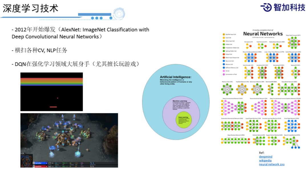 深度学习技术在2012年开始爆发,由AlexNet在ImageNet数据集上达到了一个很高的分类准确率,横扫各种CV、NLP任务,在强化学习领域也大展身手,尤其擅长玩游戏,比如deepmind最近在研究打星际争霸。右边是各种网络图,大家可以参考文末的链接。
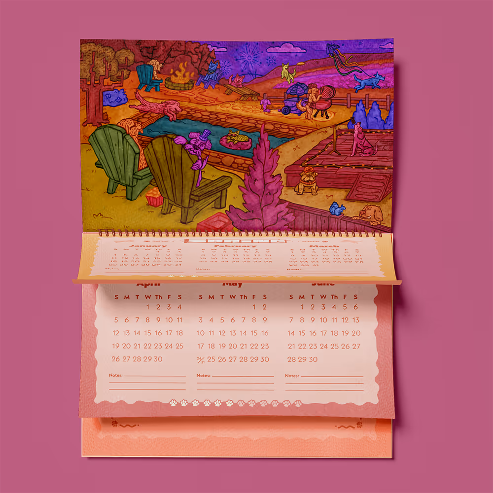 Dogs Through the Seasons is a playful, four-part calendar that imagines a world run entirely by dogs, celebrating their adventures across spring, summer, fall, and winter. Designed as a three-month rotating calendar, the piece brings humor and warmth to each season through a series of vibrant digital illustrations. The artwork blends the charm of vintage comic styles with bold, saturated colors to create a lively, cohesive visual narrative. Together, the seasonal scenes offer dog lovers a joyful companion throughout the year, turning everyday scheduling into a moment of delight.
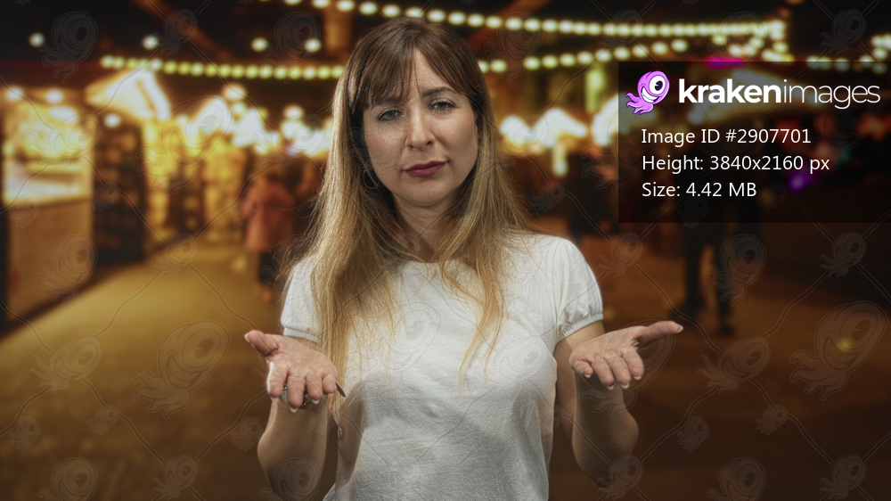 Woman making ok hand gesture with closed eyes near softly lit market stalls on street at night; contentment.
━━━━━━━━━━━━━━━━━━━━
> WHAT THE EXERCISE ASKS:
Starting at the line that holds "Dogs Through the", write out every remaining line of the material above exactly as it appears. Pictures should not be copied.

> ANSWER TO THIS EXERCISE:
 Dogs Through the Seasons is a playful, four-part calendar that imagines a world run entirely by dogs, celebrating their adventures across spring, summer, fall, and winter. Designed as a three-month rotating calendar, the piece brings humor and warmth to each season through a series of vibrant digital illustrations. The artwork blends the charm of vintage comic styles with bold, saturated colors to create a lively, cohesive visual narrative. Together, the seasonal scenes offer dog lovers a joyful companion throughout the year, turning everyday scheduling into a moment of delight.
 Woman making ok hand gesture with closed eyes near softly lit market stalls on street at night; contentment.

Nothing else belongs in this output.